But the paramount importance of social etiquette in sexual relationship is most effectively illustrated in His Hour. This novel deals with the mutual physical passion between a barbaric and dissolute Russian prince and a typical and refined modern Englishwoman. Matters reach a crisis when the prince lures the lady by night to the sinister solitude of a deserted hut. "His splendid eyes blazed with the passion of a wild beast"; the lady faints, and when she wakes up in the morning of course assumes that she has been ravished. Not unnaturally she is quite upset that she should have been the victim of such insulting behaviour, "she, a lady, a proud English lady." The commands of society, however, are inexorable in such matters and she consequently writes proposing marriage with dignified irony to that bestial nobleman, who had, according to her own theory, put her own status as a gentlewoman into such delicate jeopardy: "I consent—I have no choice—I consent. Yours truly, Tamara Lorane."
So far as mere erotic description and dialogue is concerned, there is very little to choose between our authoresses. The following passages are fair examples of Mrs. Glyn's conception of romantic love-making:
"Then, sweet Paul, I shall teach you many things, and
among them I shall teach you how to LIVE."

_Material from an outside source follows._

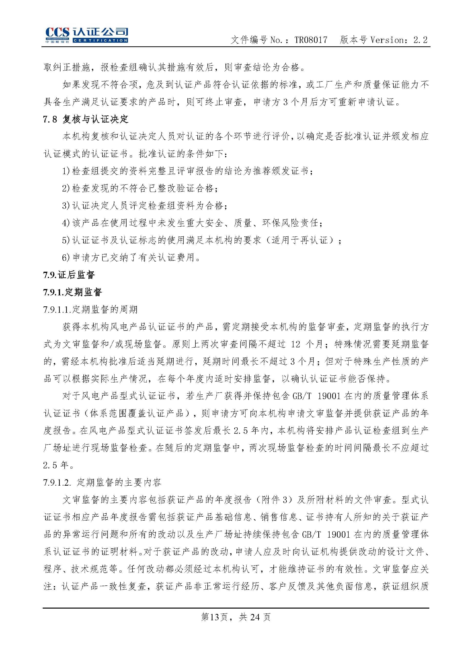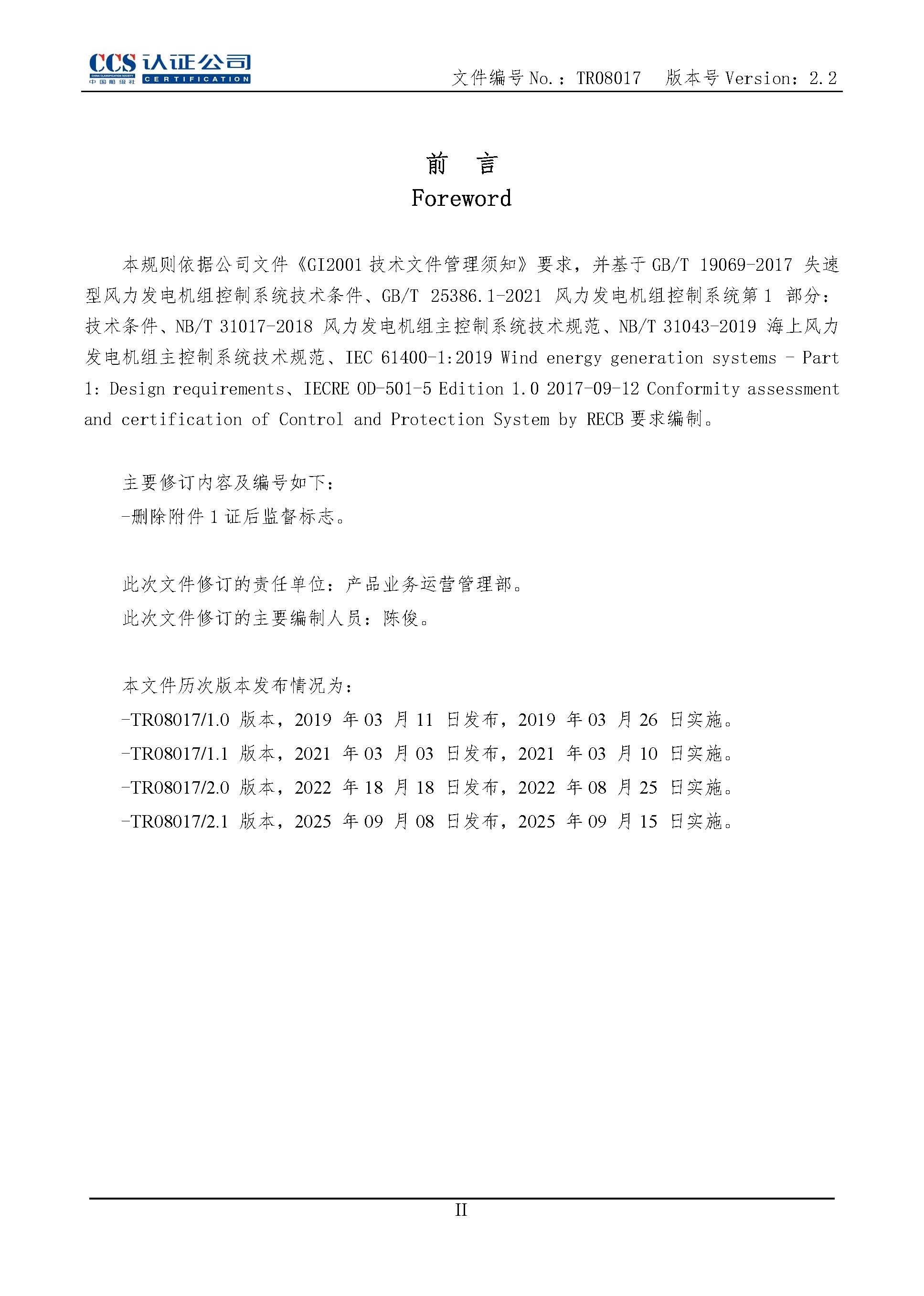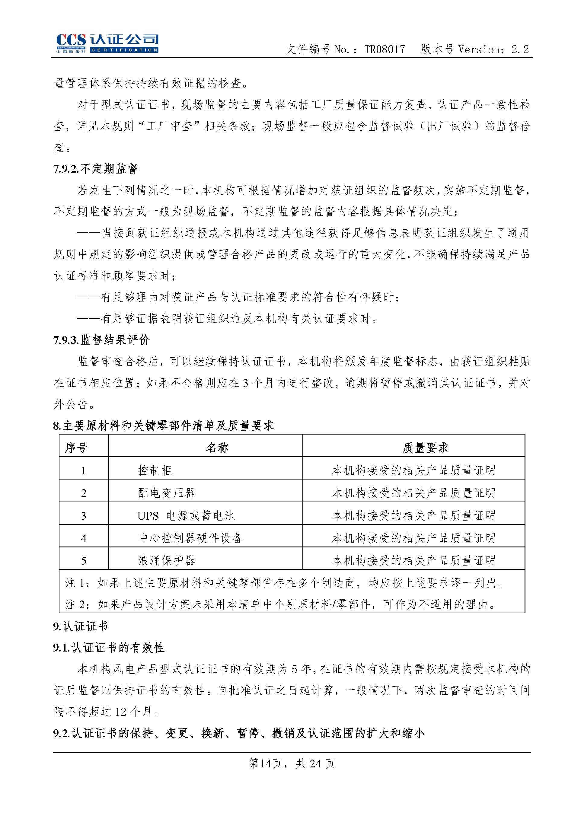 TR08017-2.2 风力发电机组控制器产品认证实施专用规则

* * * * * * * * * * * * * * * * * * * * * * *
"Beloved, beloved," he cried, "let us waste no more
precious moments. I want you, I want you, my sweet."
* * * * * * * * * * * * * * * * * * * * * * *
"My darling one," the lady whispered in his ear, as she
lay in his arms on the couch of roses, crushed deep and
half-buried in their velvet leaves, "this is our soul's
wedding, in life and in death they can never part us more."
* * * * * * * * * * * * * * * * * * * * * * *
If, however, we would make any distinction between the respective techniques of the two ladies, we would say that while Mrs. Glyn tends to exhibit the practical modernity of Mayfair or Continental society, Miss Corelli is at times more exotic and luxuriant, at times more explicit and direct, for blunt, plain woman that she is, she never even once dabbles in those mystic messages of the stars which Mrs. Glyn interprets with so facile and consummate a felicity. We search in vain, for instance, in the works of Mrs. Elinor Glyn for a passage like the following, which but for the pendent nominative might quite well have come out of the Aphrodite of M. Pierre Louys or the Mafarka le Futuriste of M. Marinetti:
"This done, they rose and began to undo the fastenings of her golden domino-like garment; but either they were too slow, or the fair priestess was impatient, for she suddenly shook herself free of their hands, and loosening the gorgeous mantle herself from its jewelled clasps it fell slowly from her symmetrical form on the perfumed floor with a rustle as of fallen leaves."
Again, the delicious sachets of Mrs. Elinor Glyn's diction never somehow exhale such whiffs of unadulterated English as the following:
"With the seduction of your nude limbs and lying eyes you make fools, cowards, and beasts of men."
We may, perhaps, conclude this portion of our comparative analysis by suggesting for the erotic crest of Mrs. Elinor Glyn a Debrett and an Almanach de Gotha enveloped in a silk and scented "nightie"; for that of Miss Marie Corelli, a volume of the Self-and-Sex series lying open between a doffed domino and a crinoline.
It is also noticeable that while Miss Corelli, with whatever detail she may feel it her duty to portray their erotic sins, is always primarily concerned with her characters' ethical significance for good or for evil, Mrs. Glyn devotes herself more specifically to their physical qualifications. Miss Corelli's typical hero, for instance, is the Rev. John Walden, that middle-aged God's Good Man whose ripe dignity of manhood is subordinated to the description of his more spiritual qualities. Mrs. Glyn's typical hero is the Paul of Three Weeks, "a splendid young English animal of the best class."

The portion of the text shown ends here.